TITLE:
Improving Compression of Short Messages
AUTHORS:
Paul Gardner-Stephen, Andrew Bettison, Romana Challans, Jennifer Hampton, Jeremy Lakeman, Corey Wallis
KEYWORDS:
Lossless; Text Compression; Sms; Twitter; Arithmetic Coding; Mobile; Cellular; Mesh Network
JOURNAL NAME:
International Journal of Communications, Network and System Sciences,
Vol.6 No.12,
December
16,
2013
ABSTRACT:
Compression of short text strings, such as the GSM Short Message
Service (SMS) and Twitter messages, has received relatively little attention
compared to the compression of longer texts. This is not surprising given that
for typical cellular and internet-based networks, the cost of
compression probably outweighs the cost of delivering uncompressed messages.

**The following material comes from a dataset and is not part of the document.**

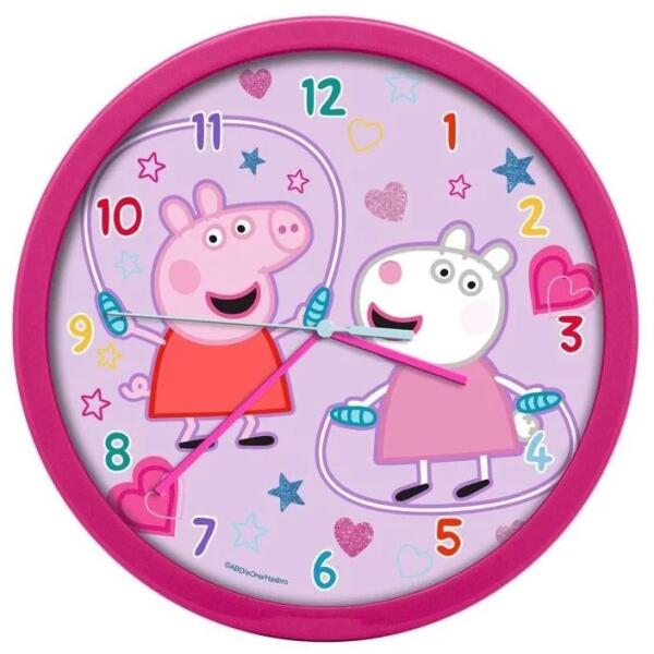 Ez a vidám Peppa malac falióra tökéletes kiegészítője lesz bármelyik gyerekszobának! Peppa malac falióra A számlapon Peppa malac és legjobb barátja, Suzy látható, amint boldogan ugróköteleznek, körülöttük színes szívecskék és csillagok díszítik a hátteret, ezzel is feldobva az óra megjelenését. A rózsaszín keret és a színes számok még vonzóbbá teszik ezt a k
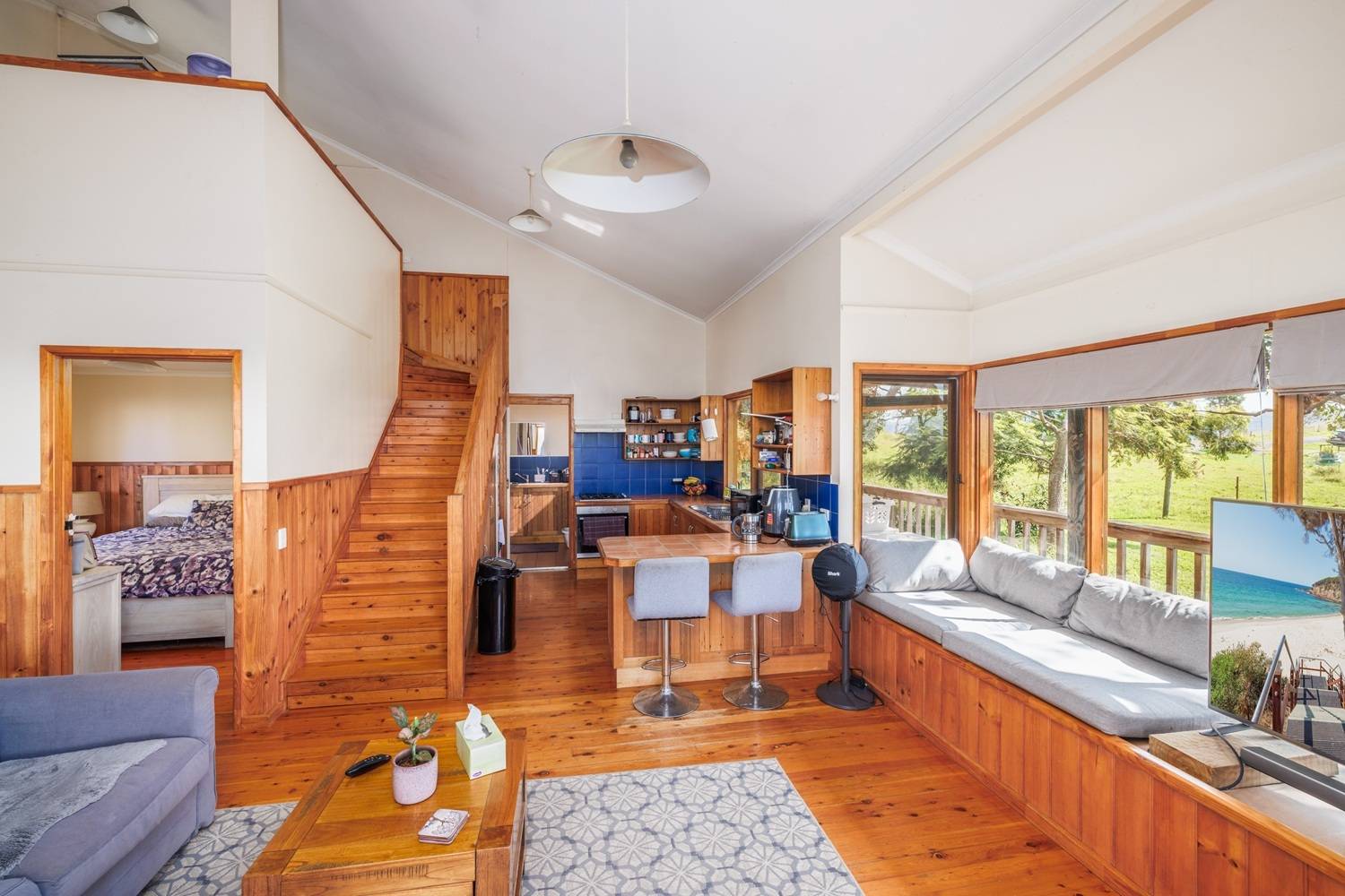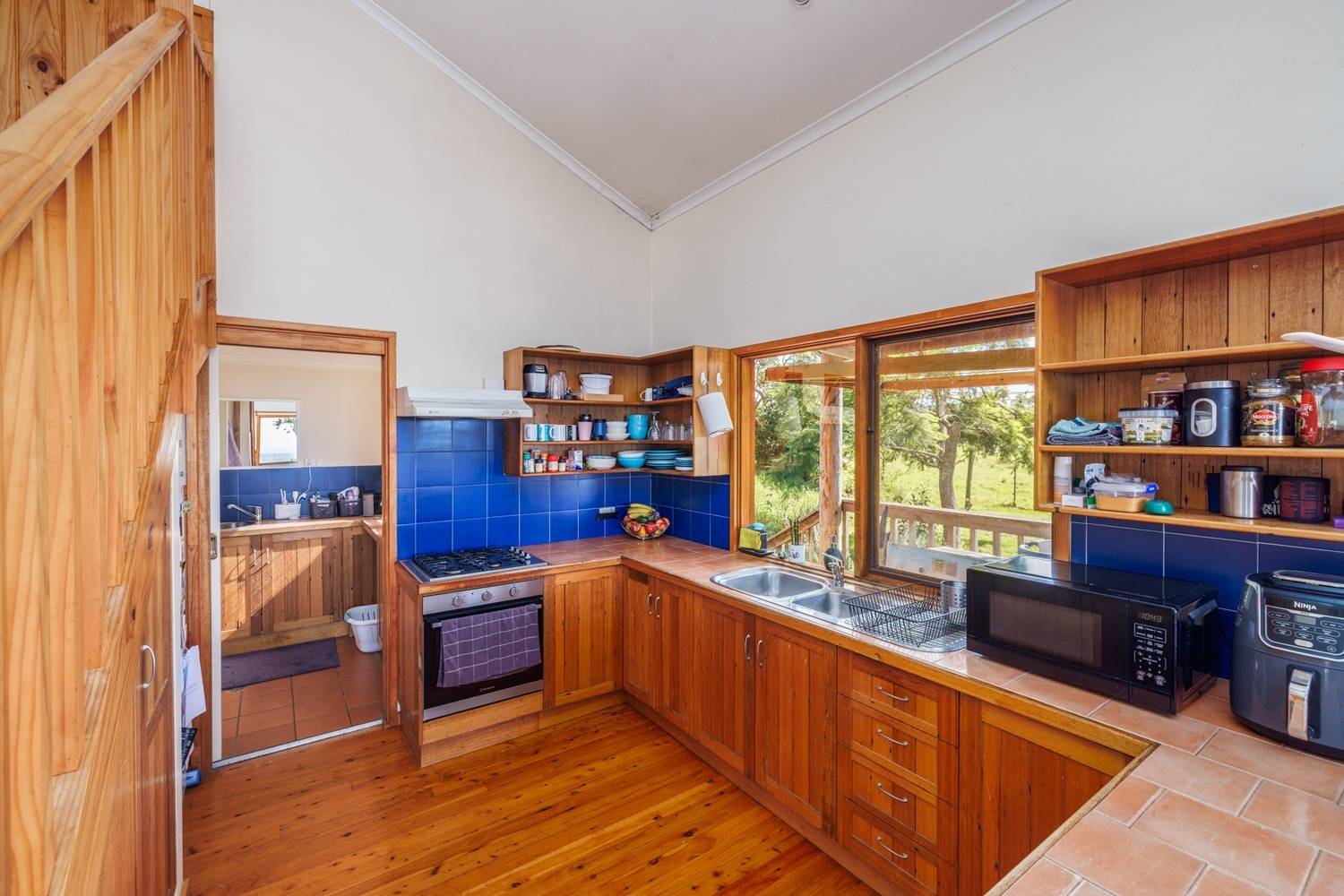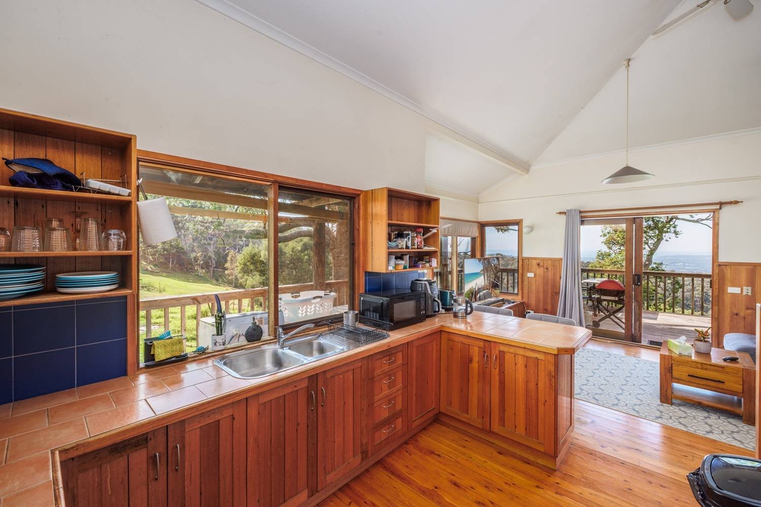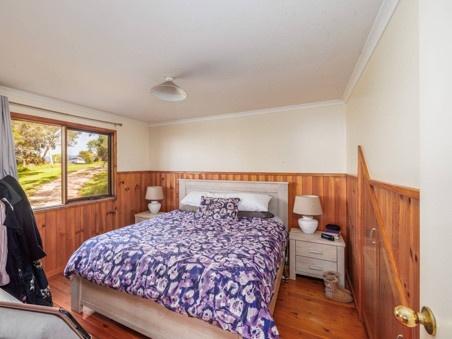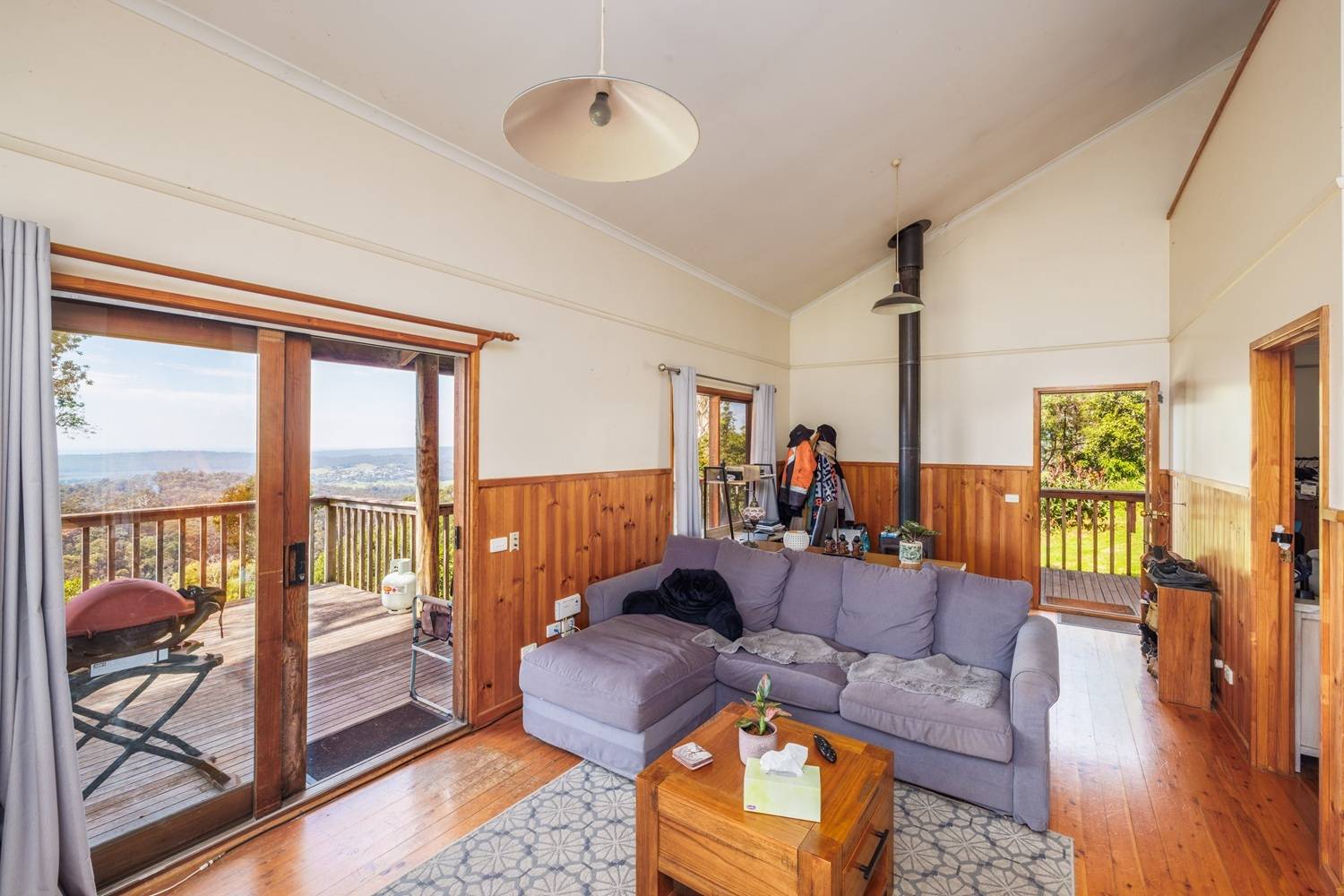 Sublimely positioned at the top of the escarpment majestically surveying the coastal plains below and beyond all the way to the horizon and the vast expanse of the incomparable South Pacific. The bespoke residence is gently nestled on 11 captivating acres incorporating a mixture of cleared (rich basalt soil) and native bush. Featuring gorgeous cypress floors and soaring raked ceilings, the home comprises open living and dining complete with day bed in the North facing bay windows & cosy wood fire out to the wrap around decked verandahs with summer shade from a magnificent Kurrajong Tree. Beaut well equipped hardwood kitchen, practical combined bathroom/laundry plus sep wc, large main bedroom (BIRs) then the best til last, custom timber staircase up to a divine second living/bedroom mezzanine area. Complete with well fenced house paddock, mains power, sealed country lane access and plenty of tank water. Nurture the soul and revitalise the senses away from the hustle and bustle of everyday life, yet just a lazy 5 min(dve) from all the facilities of vibrant Pambula village and extra 3 min to the beach. You’ll be on top of the world.

However, this is not necessarily true in the case where the cost of data transport is high, for example, where satellite
back-haul is involved, or on bandwidth-starved mobile mesh networks, such as
the mesh networks for disaster relief, rural, remote and developing contexts
envisaged by the Serval Project [1-4]. This motivated the development of a
state-of-art text compression algorithm that could be used to compress
mesh-based short-message traffic, culminating in the development of the stats3
SMS compression scheme described in this paper. Stats3 uses word frequency and
3rd-order letter statistics embodied in a pre-constructed dictionary to affect
lossless compression of short text messages. This scheme shows that our scheme
compressing text messages typically reduces messages to less than half of their
original size, and in so doing substantially outperforms all public SMS
compression systems, while also matching or exceeding the marketing claims of
the commercial options known to the authors. We also outline approaches for
future work that has the potential to further improve the performance and
practical utility of stats3.